## Raw data

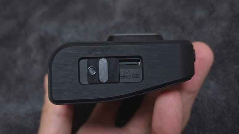 장착시 좌측면에 마이크로SD 메모리카드 슬롯과 전원 스위치가 있습니다.
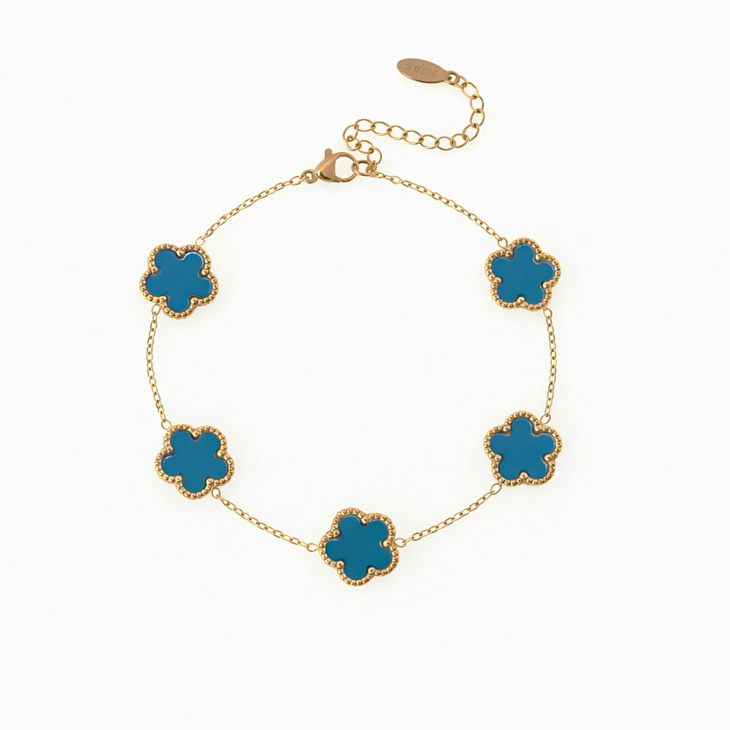 Vierblättriges-Klee-Armband Blau Gold Schiffe
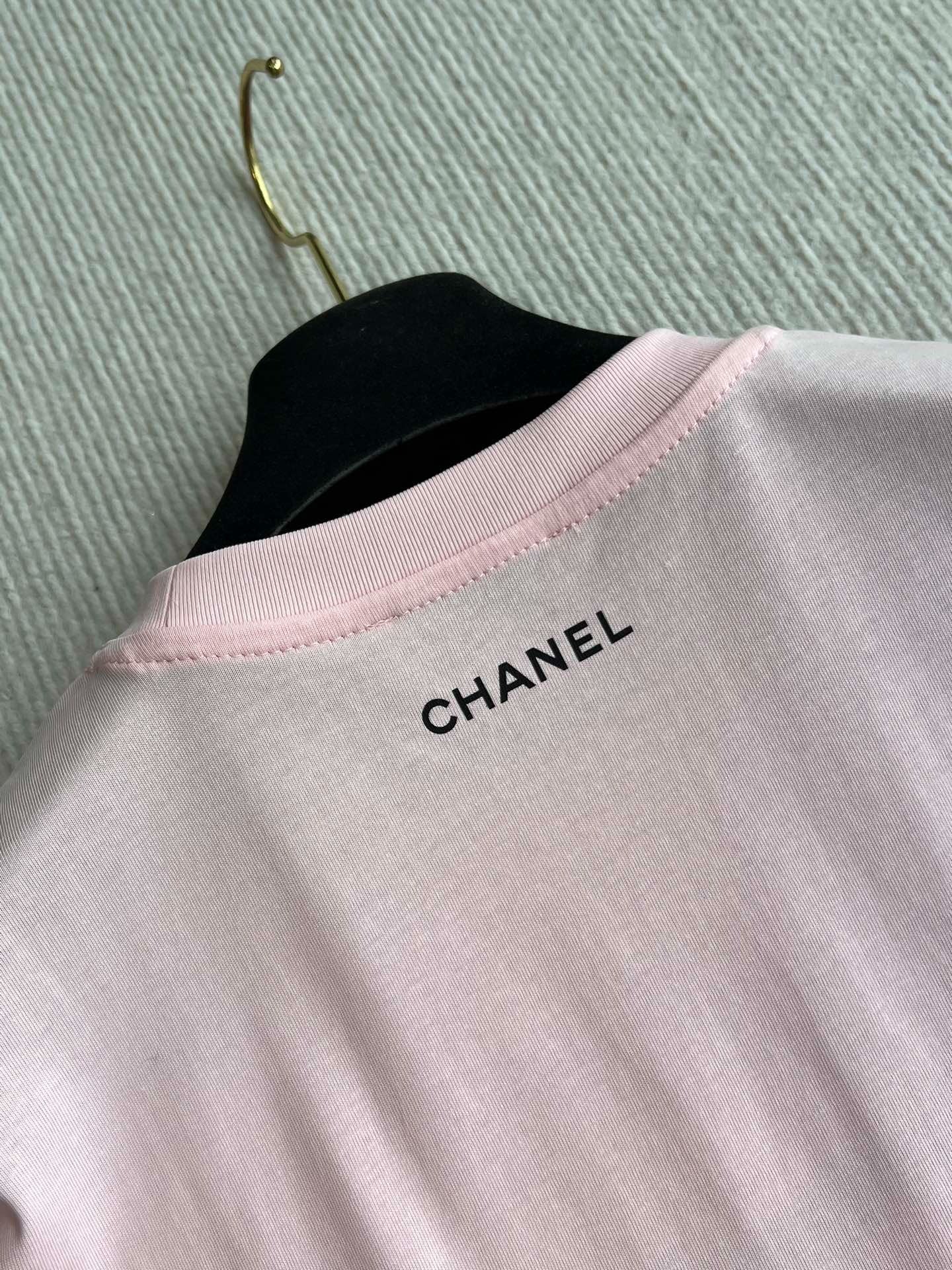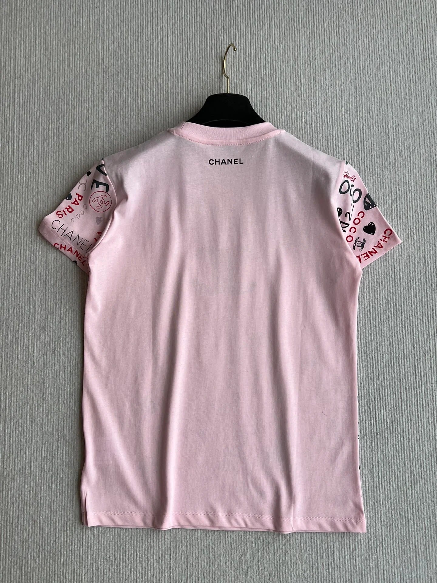 CHANEL PINK LOGO PRINT T-SHIRT

## Exercise prompt
Leave the images aside and retype each line of the listing above exactly.

## Problem solution
 장착시 좌측면에 마이크로SD 메모리카드 슬롯과 전원 스위치가 있습니다.
 Vierblättriges-Klee-Armband Blau Gold Schiffe
 CHANEL PINK LOGO PRINT T-SHIRT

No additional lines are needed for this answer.